EXASOL Shrugs Off Oracle’s In-Memory Speedup

Once dismissed as exotic toys, in-memory databases are gaining new ground in the data center. The latest in-memory believer is Oracle, which in July will ship the new in-memory option for its 12c database, which it claims will boost analytic workloads by 1,000x. That likely won’t be enough to match dedicated in-memory setups, such as EXASOL‘s.

Oracle is taking a page out of rival SAP’s HANA playbook, which says enterprises want a single hybrid database that can simultaneously process transaction and analytic workloads. It was a major turnabout for Oracle CEO Larry Ellison, who just a few years ago dismissed HANA as “wacko.”

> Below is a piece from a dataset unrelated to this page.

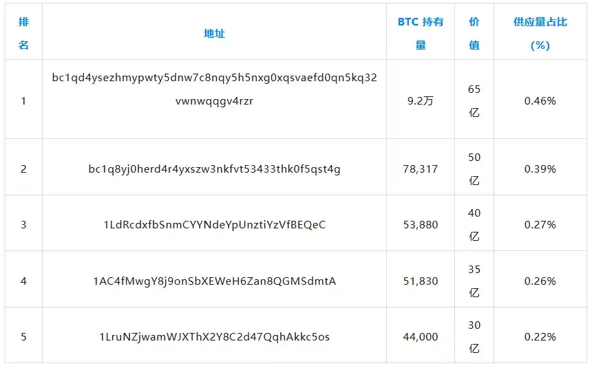 就单个地址而言,持有比特币数量最多的钱包是币安交易所的冷钱包,持有近 25 万枚比特币。你还可以查看持有比特币最多的实体。 实体是指经确认由同一个人或机构(例如交易所、DeFi 协议或公司)控制的加密地址集合。

Last week, Ellison talked up in-memory’s capability to run analytic workloads up to 1,000 times faster than before, while transactional workloads will see a more modest 2x speedup. No programming changes are required; DBAs can simply “flip a switch,” and 12c applications can immediately start using Oracle’s in-memory capabilities, the company says.

While the biggest relational database players have publicly found religion with in-memory databases, existing providers of in-memory tools quietly go about their business. Take EXASOL for example. The German company has been developing a column-oriented, in-memory analytics database since 2000, and today owns several TPC-H benchmarks that attest to its blazing speed.

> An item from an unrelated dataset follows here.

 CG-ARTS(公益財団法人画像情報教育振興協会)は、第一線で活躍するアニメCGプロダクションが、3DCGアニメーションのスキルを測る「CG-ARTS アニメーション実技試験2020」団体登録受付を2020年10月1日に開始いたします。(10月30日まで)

This week, EXASOL unveiled the fifth generation of its technology, which promises another speedup via advanced caching and index creation techniques. “Surprise, surprise, we made it quicker,” says Graham Mossman, EXASOL’s senior solution engineer.exasol logo

How much faster is new EXASolution database? That’s not precisely known yet. The company is currently working with Dell on new benchmark figures for its version 5 software, Mossman says.

But if the previous version of EXASOLultion is any indication, version 5 will be no slouch. Version 4 currently holds TPC-H records for throughput in several data warehousing categories, including the overall record of a whopping 7.1 million QphH (composite queries-per-hour) running on a Dell PowerEdge R710 cluster, which was recorded in the 3,000 GB database size range in October 2011.

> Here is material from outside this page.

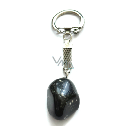 Der Anhänger ist aus getrommeltem Stein gefertigt und mit hochwertigen tschechischen Metallteilen verbunden - die Schleife ist aus versilbertem Tombak, ohne Nickelanteil.

No other databases have come anywhere close to that 7.1 million QphH figure in any configuration. The next-best figures are owned by a ParAccel database (now owned by Actian) running on an HP DL380 that achieved 1.3 million QphH and an Oracle database running on an HP BladeSystem c-class that achieved 1.1 million QphH; both figures are in 1,000 GB data warehouse category. In that category, EXASOL also clocked in at 4.2 QphH, 1.0 QphH, 1.6 million QphH, on different hardware. EXASOLution is also among the cheapest data warehouse platforms, coming in around $.10 to $.20 per QphH in several configurations, matched only by several Actian Vector (formerly VectorWise) setups.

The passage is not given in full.